体験者の声を総じてみると、初めてXRホラーに触れる参加者が多い中で、「自由に歩ける」という操作感そのものへの新鮮な驚きと、音響・映像のディテールによる没入感の高さが共通して語られていた。

体験の感想をコメントする8われメンバー
百貨店×XR×ホラーのワケ
大丸松坂屋百貨店(林直孝氏):百貨店が非日常体験を担う理由
林氏は、J.フロントリテイリンググループが掲げる「価値共創リテイラー」への進化と、そこに含まれる「感動共創」という考え方を出発点に説明。XR技術とリアルな店舗を組み合わせることで感動を生み出せるのではという発想から研究が始まり、約1年前には社員発案により、閉店後の松坂屋上野店で関係者限定のVRホラー体験を試験実施したという。
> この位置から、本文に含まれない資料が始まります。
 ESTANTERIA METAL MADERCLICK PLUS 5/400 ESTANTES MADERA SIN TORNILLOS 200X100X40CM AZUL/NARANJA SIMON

その際は好評だった一方、閉店後の店内で一般の来場者に向けて運営することの難しさもあり、営業時間中にVR空間の中で閉店後の環境を再現する現在の形に着地した。
また、百貨店が明治後期に誕生して以来、非日常のエンターテインメント体験を提供する場であり続けてきたことにも触れ、大正時代に屋上動物園があった銀座松坂屋の例を挙げながら、今回の企画も百貨店が紡いできた非日常体験の系譜に連なるものだと位置づけた。

林直孝さん(株式会社大丸松坂屋百貨店 執行役員)
日本XRセンター(小林大河氏):ロケーション型XRの技術的な転換点
小林氏は、VRヘッドセットが2015年前後のPC接続型から、単体で動作しロケーション内を自由に歩き回れる現在の形に進化してきた経緯を説明した。この技術的な進化に加え、コロナ禍を経てロケーションベースエンターテインメントへの需要が広がっていることも背景にあるという。百貨店という空間でホラー体験を提供する取り組みについては、自身の知る限り国内でも初めての試みだと述べた。
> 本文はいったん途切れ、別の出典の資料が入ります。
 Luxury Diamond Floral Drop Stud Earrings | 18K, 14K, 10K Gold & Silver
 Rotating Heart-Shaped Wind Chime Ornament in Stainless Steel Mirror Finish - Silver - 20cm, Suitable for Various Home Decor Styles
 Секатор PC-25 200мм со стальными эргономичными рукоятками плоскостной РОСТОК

小林 大河さん(株式会社日本XRセンター 代表取締役 CEO)
株式会社闇(内山賢一氏):クリエイティブとクラウドファンディングによる価値共創
内山氏は、闇がホラーに特化したクリエイティブカンパニーであり、イベントや映像、ゲームなど幅広い領域でホラーコンテンツを手がけていることを紹介した。今回はシナリオと演出面を担当し、深夜の百貨店という舞台設定と、圧倒的なXR技術の組み合わせによって新しいホラー体験が実現したと語った。また、大丸松坂屋百貨店が実施したクラウドファンディングについても触れ、支援者がイベントを身近に応援する仕組みが制作チームの後押しになったとし、これも価値共創の一つの形だと位置づけた。

内山 賢一さん(株式会社闇 代表取締役社長)
株式会社闇 プロデューサー(浜田氏):シナリオ設計の裏側
企画プランニング・ストーリー制作・恐怖演出を担当した闇のプロデューサー浜田氏は、実空間として6×3メートル程度のブースを複数用意し、エレベーターを起点にフロアを巡回する形で省スペースに収める設計にしたと説明した。同時に3ブースを稼働させることで一度に多くの体験者を受け入れられ、施設側の回転率にもメリットがあるという。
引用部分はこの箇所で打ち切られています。